The original model, which we borrowed from a group of academics, offered an estimate of the cost of Brexit as 2.4 per cent of foregone growth in the second quarter of 2018. In that model, the UK’s doppelgänger included Canada (whose growth rate makes up 16 per cent of the doppelgänger’s), Japan (20 per cent), Hungary (23 per cent) and the US (24 per cent), with a few other, mostly European countries, making up the remainder. Hungary’s exceptional growth since the Brexit referendum – 8 per cent, compared to the UK’s 3.1 per cent – did bias this result upwards.

We then ran another model which included only the 22 mature economies mentioned above. This brought the estimate down to 1.6 per cent.

However, we then ran into the second criticism that people made. By forcing the model to match on GDP, rather than on a range of variables, it did not have much predictive power.

We discovered this by running two ‘placebo tests’. We first made the model think that the referendum was held in the first quarter of 2014. This helps us to identify if the model could predict the path of UK GDP after 2014, and therefore whether the doppelgänger that best matched UK GDP up to 2014 matched UK GDP afterwards, too. It matched it fairly closely, both before and after this 'placebo referendum'. However, if we moved the placebo referendum back to the first quarter of 2012, the doppelgänger gave a high weight to Italy. This meant that the model thought the UK would perform much more poorly after 2012 than it did in reality, as a result of Italy’s poor post-crisis performance. The Great Recession hit both Italy and the UK very hard, but for different reasons, and Italy’s recovery has been much weaker than Britain’s. So it is not surprising that the model failed our 2012 placebo referendum test.

In the statistics jargon, the model is ‘overfitted’. This means the model is robotically finding the best countries that match the path of UK GDP over the period, irrespective of whether their economies are in fact similar to the UK. This can lead us into the trap of giving too high a weight to Italy or Hungary.

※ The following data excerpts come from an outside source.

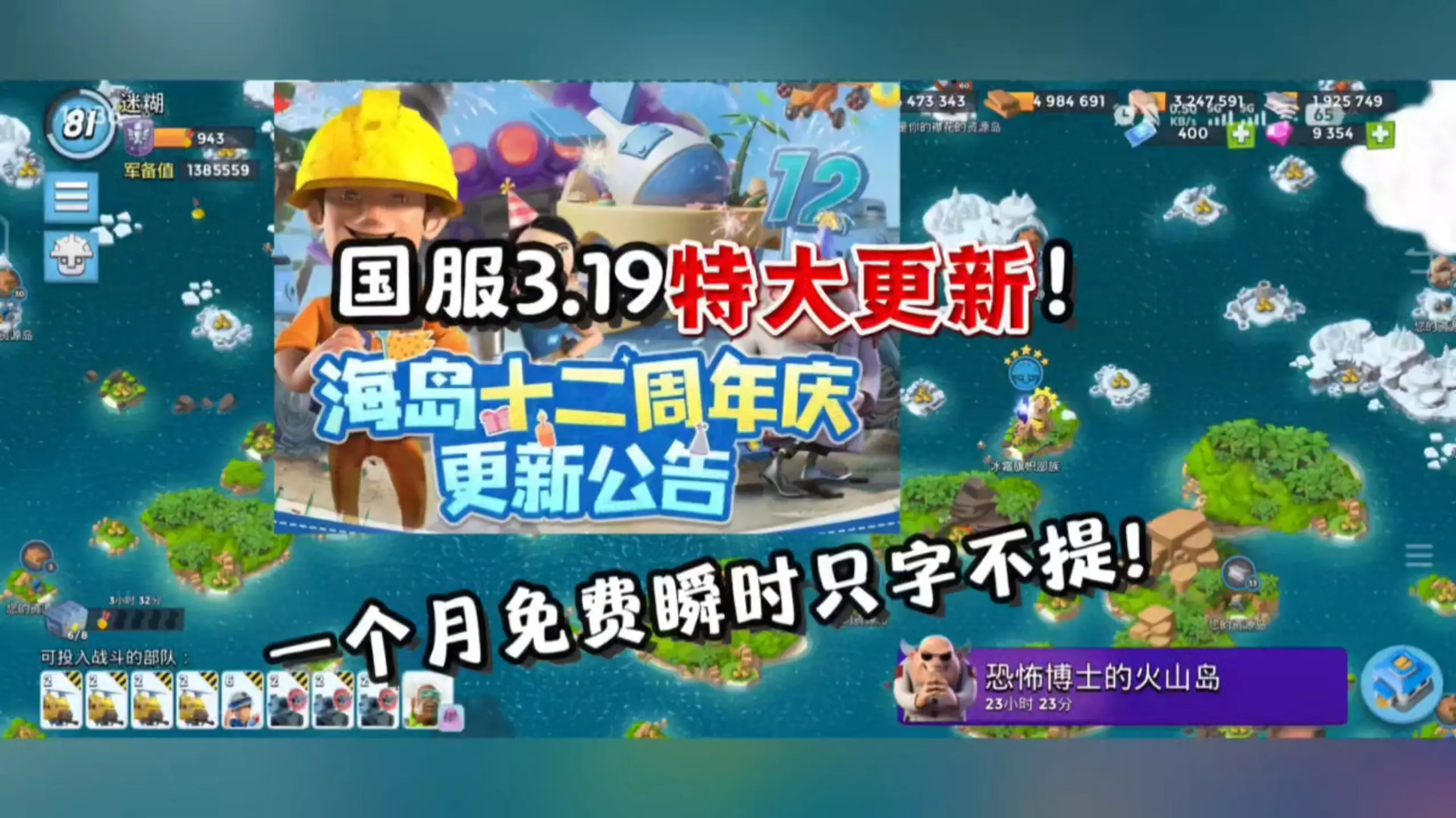 这是策略游戏《海岛奇兵》的游戏界面展示帖,帖主发起对海岛奇兵国服更新的看法讨论,界面呈现了高等级玩家的海岛基地布局,还有相关游戏代练、收出号的相关服务信息。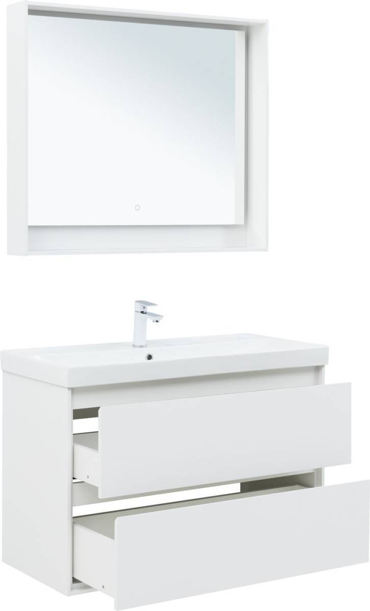 Тумба с раковиной Aquanet Милан 100 белый глянец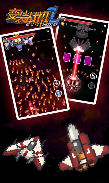 变装战机2银河射击是一款非常有意思的2D复古飞行射击游戏,该游戏的画面非常精致,采用像素画风,在这里玩家可以控制战机进行战斗,需要通过各种枪林弹雨,摧毁敌方的防线并面临最终的各种各样的关底BOSS,然后通过自己的技巧来击败BOSS获得胜利。此外游戏还有着多种不同类型的战斗机供玩家进行操作使用,感兴趣的小伙伴快来下载游玩吧!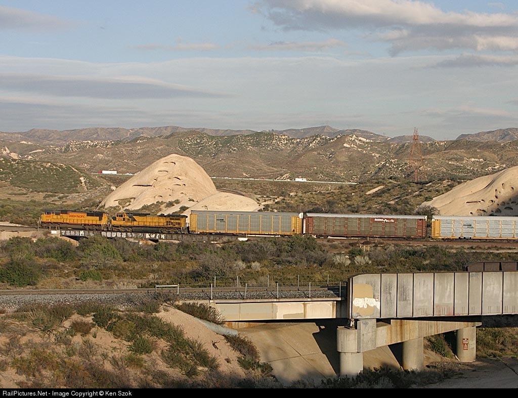 UP 4505 and UP 9798 cross the dry wash near Mormons Rocks as they lead an auto train up Cajon Pass.

In order to overcome this problem, we designed two models. In the first, the 'match model', we used several variables other than GDP that characterise an economy: the ratio of total trade to GDP; the inflation rate; the share of industrial value added in total value added; the average years of schooling of the adult population; the growth of real GDP per capita; and the ratio of private and public sector investment to GDP. The algorithm was then asked to ‘match’ countries that were most comparable to the UK in all of these variables, and also on one data point for GDP – in the second quarter of 2016, at the very end of which the referendum took place.

The second model was a ‘validation model’, in which we also included the other variables from the match model. But here, we also split the pre-referendum period into two. The model was then asked to ‘train’ itself in the first half of the period, and create a doppelgänger that most closely matches the UK on GDP and all the other variables. In the second half of the period, it was asked to minimise the error between the UK and that of the doppelgänger, which meant it largely focused on GDP. This is the model that the team that came up with the synthetic control method, led by Alberto Abadie, used to estimate the cost of German reunification. These two models should deal with the overfitting problem.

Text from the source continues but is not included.